Edible Schoolyard NYC’s garden curriculum creates hands-on learning opportunities that provide students with the knowledge and skills necessary to make healthier choices and to change the way they eat for life. In our work with the students at P.S. 216 in Gravesend, Brooklyn, we have seen firsthand how the experience of caring for plants from seed-to-table encourages students to love foods they might otherwise dismiss. If you drop by one of our garden lessons, you are likely to see the students clamoring for more broccoli during closing circle, or to hear them compare a dark green leaf of bok choy to a lollipop.
Work in the garden also provides an authentic and engaging way for students to grow stronger in their academic subjects. First graders become scientists, making hypotheses and subsequent observations about the peas they have planted in three different kinds of soil. Fifth graders engage in anthropology, noting how other cultures throughout history have utilized herbs as they preserve the herbs they themselves have grown and harvested. While our lessons maximize the unique hands-on opportunities afforded by the garden, they are also academically rigorous, connecting to the Common Core State Standards in ELA and math, and to New York State Standards in science and social studies.
In the end, each lesson is meant to strengthen the students’ understanding of what it means to be healthy. Through the garden, they learn not only about their individual wellness, but also about the impact their food choices have on the environment—and how they can work to better the health of their ecosystem.
We have included 36 fall and winter lessons taken from a curriculum that contains one lesson per month for every grade, kindergarten through fifth. The majority of lessons are written to take place over two consecutive days, 50 minutes a day, with roughly equal time given to academic inquiry and to garden work. Because of the school calendar, December and February are designed as one-day lessons.
While we have provided sample “scripts” for teachers, we neither expect nor desire that these will be followed in lockstep. Each teacher will bring his or her own creative lens to our lessons, and each school has unique circumstances. Every time we have taught these lessons at our flagship school, P.S. 216 in Brooklyn, we have experienced wonderful variations, as children bring their own interests and inquiries with them into the garden. The large immigrant population, for example, has provided our teachers with both opportunities—making connections to a grandfather’s garden in Russia, and challenges—helping English language learners navigate the intricacies of the water cycle.
Likewise, we understand that the gardening opportunities for each school will be determined by considerations of time, space and human resources, and we hope that our professional development offered you ideas about how to modify lessons to best serve the individual circumstances of your school.

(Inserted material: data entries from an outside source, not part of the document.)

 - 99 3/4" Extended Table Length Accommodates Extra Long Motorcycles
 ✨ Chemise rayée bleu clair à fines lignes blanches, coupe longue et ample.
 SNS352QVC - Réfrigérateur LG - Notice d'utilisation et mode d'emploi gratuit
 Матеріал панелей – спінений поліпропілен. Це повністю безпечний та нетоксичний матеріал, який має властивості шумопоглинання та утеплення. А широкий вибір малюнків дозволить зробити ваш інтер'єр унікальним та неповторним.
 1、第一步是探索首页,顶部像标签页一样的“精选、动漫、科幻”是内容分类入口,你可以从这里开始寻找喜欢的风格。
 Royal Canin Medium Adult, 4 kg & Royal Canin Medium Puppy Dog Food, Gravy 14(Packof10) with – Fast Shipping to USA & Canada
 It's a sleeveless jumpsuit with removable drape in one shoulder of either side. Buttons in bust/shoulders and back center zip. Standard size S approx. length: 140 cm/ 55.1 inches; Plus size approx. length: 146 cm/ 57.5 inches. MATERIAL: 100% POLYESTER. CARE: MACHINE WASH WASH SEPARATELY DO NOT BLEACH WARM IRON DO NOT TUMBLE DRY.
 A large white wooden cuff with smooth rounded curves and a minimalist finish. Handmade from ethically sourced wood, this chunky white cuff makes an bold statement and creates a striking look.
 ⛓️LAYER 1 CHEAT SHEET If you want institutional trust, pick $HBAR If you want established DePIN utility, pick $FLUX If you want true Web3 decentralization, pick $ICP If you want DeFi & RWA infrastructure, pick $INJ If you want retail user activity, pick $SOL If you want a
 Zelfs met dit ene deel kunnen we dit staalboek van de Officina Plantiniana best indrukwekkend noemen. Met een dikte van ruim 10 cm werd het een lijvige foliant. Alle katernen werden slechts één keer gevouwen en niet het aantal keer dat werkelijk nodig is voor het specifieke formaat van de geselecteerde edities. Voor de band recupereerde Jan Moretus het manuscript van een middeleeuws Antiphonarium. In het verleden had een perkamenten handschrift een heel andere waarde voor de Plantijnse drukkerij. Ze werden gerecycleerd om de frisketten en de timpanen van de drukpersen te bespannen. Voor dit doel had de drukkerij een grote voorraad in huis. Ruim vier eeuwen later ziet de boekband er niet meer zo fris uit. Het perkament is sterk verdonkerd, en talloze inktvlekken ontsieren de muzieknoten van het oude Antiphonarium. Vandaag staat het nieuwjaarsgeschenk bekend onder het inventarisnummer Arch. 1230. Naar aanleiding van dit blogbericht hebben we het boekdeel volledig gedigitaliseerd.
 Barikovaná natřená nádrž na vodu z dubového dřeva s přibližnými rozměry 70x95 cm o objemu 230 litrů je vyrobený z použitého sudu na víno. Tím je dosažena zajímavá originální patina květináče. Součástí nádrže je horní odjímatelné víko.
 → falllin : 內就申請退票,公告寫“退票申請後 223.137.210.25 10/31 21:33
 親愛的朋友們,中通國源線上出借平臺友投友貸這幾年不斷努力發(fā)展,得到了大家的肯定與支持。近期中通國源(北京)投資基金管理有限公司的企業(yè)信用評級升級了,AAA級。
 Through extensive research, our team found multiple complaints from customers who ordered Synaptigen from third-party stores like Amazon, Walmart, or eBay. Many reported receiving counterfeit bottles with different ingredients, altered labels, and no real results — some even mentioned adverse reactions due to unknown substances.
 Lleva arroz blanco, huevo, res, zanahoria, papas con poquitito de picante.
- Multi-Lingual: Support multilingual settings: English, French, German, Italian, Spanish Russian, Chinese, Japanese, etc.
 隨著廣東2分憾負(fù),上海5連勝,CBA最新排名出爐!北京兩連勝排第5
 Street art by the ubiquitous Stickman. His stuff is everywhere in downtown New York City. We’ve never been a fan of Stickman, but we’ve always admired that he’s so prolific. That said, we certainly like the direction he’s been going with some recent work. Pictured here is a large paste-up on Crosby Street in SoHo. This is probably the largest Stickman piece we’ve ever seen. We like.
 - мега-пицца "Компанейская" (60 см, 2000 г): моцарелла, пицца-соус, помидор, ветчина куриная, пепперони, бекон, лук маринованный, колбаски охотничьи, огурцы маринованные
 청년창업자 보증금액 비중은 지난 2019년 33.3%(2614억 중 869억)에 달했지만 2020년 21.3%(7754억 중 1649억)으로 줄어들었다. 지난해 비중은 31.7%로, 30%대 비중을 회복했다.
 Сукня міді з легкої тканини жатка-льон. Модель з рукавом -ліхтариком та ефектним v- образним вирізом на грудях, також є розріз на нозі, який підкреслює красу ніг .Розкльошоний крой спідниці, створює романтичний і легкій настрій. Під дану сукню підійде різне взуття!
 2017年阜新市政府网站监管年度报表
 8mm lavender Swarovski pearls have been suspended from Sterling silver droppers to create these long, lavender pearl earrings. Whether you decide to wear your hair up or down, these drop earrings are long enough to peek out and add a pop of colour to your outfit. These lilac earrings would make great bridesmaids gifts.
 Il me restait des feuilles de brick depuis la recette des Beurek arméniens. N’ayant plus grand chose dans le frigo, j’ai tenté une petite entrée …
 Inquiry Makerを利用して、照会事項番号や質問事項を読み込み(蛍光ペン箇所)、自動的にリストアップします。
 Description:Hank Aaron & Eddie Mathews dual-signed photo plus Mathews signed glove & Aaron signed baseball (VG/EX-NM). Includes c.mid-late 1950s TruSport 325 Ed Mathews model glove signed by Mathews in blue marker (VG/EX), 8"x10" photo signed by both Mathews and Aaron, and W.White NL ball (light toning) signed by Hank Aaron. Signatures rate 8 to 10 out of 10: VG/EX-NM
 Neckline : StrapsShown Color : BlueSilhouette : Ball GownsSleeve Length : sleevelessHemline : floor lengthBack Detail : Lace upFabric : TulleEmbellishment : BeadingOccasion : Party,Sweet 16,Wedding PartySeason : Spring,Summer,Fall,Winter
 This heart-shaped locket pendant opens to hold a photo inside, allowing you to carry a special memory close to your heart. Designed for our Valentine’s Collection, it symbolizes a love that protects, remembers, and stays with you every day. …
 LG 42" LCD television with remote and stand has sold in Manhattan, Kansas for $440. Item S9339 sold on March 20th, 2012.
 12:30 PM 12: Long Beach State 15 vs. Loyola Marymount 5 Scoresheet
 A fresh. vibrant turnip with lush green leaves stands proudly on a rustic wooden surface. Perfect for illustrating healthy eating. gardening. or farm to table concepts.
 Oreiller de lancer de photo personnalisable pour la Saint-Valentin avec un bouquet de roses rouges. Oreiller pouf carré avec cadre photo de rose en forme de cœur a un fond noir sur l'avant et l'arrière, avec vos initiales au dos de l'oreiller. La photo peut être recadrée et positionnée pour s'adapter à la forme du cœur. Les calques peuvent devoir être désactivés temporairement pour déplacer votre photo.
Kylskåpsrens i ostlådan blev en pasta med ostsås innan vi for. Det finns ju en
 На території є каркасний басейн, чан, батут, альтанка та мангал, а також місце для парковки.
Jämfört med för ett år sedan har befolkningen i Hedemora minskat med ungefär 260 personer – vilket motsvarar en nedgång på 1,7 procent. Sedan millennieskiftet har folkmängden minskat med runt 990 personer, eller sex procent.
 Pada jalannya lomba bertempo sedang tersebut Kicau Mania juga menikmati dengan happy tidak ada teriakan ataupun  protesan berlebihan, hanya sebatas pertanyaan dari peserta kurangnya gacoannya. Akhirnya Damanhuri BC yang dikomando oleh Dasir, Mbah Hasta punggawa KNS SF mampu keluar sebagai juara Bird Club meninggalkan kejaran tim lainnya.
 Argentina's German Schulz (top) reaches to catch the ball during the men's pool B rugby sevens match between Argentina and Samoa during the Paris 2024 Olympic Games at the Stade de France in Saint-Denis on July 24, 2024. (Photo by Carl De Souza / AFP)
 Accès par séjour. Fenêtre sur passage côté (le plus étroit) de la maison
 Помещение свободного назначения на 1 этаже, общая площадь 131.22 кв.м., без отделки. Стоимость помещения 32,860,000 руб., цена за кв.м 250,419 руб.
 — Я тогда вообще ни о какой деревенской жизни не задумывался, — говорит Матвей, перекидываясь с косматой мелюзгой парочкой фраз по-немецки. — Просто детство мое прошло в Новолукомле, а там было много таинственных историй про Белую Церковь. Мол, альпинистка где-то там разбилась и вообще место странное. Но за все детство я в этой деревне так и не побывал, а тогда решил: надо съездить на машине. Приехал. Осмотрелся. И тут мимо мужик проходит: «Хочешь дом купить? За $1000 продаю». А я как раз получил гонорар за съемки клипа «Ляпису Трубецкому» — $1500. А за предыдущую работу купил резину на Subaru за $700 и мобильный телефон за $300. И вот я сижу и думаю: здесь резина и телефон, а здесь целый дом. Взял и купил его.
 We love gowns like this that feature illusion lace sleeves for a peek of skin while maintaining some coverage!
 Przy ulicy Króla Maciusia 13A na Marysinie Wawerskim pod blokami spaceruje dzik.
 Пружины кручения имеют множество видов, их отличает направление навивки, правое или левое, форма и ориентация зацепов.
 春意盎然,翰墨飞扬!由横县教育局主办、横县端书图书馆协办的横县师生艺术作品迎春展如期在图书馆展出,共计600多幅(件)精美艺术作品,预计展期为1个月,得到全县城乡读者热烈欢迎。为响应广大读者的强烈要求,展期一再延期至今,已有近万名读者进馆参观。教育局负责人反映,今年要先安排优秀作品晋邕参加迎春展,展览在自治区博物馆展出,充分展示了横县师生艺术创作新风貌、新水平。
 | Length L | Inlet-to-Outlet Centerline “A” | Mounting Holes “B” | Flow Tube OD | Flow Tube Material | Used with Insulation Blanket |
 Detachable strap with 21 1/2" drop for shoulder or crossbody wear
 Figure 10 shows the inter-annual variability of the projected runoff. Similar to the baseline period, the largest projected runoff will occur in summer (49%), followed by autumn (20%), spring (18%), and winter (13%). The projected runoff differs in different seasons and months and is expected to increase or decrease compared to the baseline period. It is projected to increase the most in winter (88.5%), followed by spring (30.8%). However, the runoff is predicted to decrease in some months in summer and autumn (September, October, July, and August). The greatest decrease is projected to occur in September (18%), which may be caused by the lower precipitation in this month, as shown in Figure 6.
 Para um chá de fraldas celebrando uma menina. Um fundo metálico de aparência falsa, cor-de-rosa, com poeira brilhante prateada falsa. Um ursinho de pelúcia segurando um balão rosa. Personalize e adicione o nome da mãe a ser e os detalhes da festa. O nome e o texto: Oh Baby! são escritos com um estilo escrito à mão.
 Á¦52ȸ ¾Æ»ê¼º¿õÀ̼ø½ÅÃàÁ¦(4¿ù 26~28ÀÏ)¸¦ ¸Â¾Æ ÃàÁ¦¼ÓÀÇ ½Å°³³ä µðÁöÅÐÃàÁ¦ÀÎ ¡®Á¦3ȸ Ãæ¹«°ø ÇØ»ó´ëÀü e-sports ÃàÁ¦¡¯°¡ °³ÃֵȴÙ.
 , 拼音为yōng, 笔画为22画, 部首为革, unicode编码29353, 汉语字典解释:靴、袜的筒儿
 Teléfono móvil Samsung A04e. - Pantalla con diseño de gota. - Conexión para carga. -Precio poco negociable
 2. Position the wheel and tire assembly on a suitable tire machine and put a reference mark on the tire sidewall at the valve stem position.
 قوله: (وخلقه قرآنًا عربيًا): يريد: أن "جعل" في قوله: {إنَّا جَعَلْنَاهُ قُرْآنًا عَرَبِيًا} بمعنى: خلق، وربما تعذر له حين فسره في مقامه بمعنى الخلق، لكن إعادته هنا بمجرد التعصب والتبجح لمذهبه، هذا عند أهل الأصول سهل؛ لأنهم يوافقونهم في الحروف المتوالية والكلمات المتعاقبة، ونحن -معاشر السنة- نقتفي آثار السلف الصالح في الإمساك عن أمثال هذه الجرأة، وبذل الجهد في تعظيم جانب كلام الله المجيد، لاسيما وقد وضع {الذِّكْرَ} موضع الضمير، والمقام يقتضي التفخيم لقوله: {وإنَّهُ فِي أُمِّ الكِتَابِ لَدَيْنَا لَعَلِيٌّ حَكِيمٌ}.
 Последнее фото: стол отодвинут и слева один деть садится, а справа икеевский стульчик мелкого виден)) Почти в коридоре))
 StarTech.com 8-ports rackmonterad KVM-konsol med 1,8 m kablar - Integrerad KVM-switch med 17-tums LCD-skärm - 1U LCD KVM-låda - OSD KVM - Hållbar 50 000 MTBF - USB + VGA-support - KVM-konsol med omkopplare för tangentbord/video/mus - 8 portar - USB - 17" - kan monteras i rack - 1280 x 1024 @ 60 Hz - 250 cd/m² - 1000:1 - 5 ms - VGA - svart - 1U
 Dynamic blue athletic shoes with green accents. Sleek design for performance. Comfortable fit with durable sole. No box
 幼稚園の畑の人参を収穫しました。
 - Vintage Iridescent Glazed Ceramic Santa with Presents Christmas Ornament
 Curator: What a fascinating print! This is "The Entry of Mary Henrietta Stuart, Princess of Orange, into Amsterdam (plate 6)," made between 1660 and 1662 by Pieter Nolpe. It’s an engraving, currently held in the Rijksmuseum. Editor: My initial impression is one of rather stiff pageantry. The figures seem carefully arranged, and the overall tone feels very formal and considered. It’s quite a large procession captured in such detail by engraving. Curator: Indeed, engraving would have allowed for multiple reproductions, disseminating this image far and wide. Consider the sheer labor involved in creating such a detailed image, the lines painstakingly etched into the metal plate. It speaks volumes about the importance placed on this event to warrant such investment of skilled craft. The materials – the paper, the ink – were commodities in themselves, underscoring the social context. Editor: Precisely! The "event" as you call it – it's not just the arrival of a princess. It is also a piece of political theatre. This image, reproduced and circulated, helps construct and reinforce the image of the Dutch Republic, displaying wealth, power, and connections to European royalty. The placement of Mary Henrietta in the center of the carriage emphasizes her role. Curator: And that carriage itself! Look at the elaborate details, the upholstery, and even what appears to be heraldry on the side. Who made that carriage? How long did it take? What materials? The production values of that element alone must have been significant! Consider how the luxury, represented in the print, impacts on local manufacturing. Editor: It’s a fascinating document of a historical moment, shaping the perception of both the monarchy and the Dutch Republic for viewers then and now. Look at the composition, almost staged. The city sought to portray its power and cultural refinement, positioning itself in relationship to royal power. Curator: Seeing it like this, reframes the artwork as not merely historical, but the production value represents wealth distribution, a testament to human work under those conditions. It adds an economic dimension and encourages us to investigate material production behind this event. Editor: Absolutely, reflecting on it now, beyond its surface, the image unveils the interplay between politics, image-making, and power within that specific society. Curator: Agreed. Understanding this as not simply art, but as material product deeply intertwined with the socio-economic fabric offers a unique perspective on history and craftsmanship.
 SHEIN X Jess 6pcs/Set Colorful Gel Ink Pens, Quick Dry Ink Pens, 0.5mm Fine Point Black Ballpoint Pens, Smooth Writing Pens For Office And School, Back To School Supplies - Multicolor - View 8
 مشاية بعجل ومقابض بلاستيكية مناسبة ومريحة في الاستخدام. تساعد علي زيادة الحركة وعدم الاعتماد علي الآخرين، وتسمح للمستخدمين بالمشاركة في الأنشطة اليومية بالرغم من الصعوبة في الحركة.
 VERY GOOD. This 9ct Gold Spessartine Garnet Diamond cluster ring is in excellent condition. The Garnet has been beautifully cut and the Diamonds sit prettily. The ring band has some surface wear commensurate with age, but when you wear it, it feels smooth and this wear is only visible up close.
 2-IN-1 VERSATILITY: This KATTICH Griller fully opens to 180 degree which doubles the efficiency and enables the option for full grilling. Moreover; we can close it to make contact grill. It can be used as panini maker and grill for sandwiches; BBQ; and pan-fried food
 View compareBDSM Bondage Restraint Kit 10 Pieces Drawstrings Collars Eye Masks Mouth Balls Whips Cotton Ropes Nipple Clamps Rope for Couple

While the activities vary greatly from class to class, most lessons follow a regular structure, which we modeled during our professional development workshop.
Opening circle: Borrowing a tradition from our parent program in Berkeley, all ESYNYC classes begin with an opening circle. Opening circle is an opportunity to greet the students and to introduce the concepts and activities of the day. In the December Kindergarten lesson (about seeds as food), students are given a challenge: examine the objects in front of you to figure out what they have in common. (Answer: they are all seeds, and they are all edible). In second grade in October—a lesson about food preservation—students listen to a read-aloud passage from Laura Ingalls Wilder’s Little House in the Big Woods about preparing food to last through the winter. A common strategy for opening circle is having the students to turn and talk to the person sitting next them about the topic, so that all students have a chance to engage. In the January 3rd grade lesson about seed dispersal, for example, students examine pictures of seed adaptations with their partners, attempting to work out how the seed in their picture was traveling from its parent plant.
Inquiry Activity: Each garden lesson has at least one inquiry activity which introduces or re-enforces an academic topic related to the garden. Fourth graders study Native American agricultural techniques, and create advertisements to persuade colonists about their efficacy. Third graders learn about the dramatic changes brought upon by the dawn of agriculture during the Neolithic Revolution. Fifth graders investigate the impact of garbage on the environment, simulating a shopping activity in which they generate the least amount of waste with their choices of groceries. Inquiry activities are the bridge between what is happening seasonally in the garden and rigorous, standards-based academic content.
Garden Activity: Every lesson also includes at least one garden activity, ideally related in some way to the academic topic of the month. In the fourth grade lesson about Native American agriculture, students garden using one of the methods they studied, such as amending soil with kelp. Third graders studying the Neolithic Revolution become seed savers themselves—harvesting, sorting and packaging seeds from the garden. Fifth graders follow up their study of garbage and recycling with work in the compost bin—seeing first hand how the garden helps us reduce the amount of waste we produce.
Closing Circle: Also a tradition from Edible Schoolyard Berkeley, closing circle is an opportunity to review the lesson, reinforcing links between academic content and the day’s experience in the garden. We also like to provide an appropriate tasting during closing circle—radishes during root study, pea shoots for signs of spring, herbal tea from the herb preservation lesson.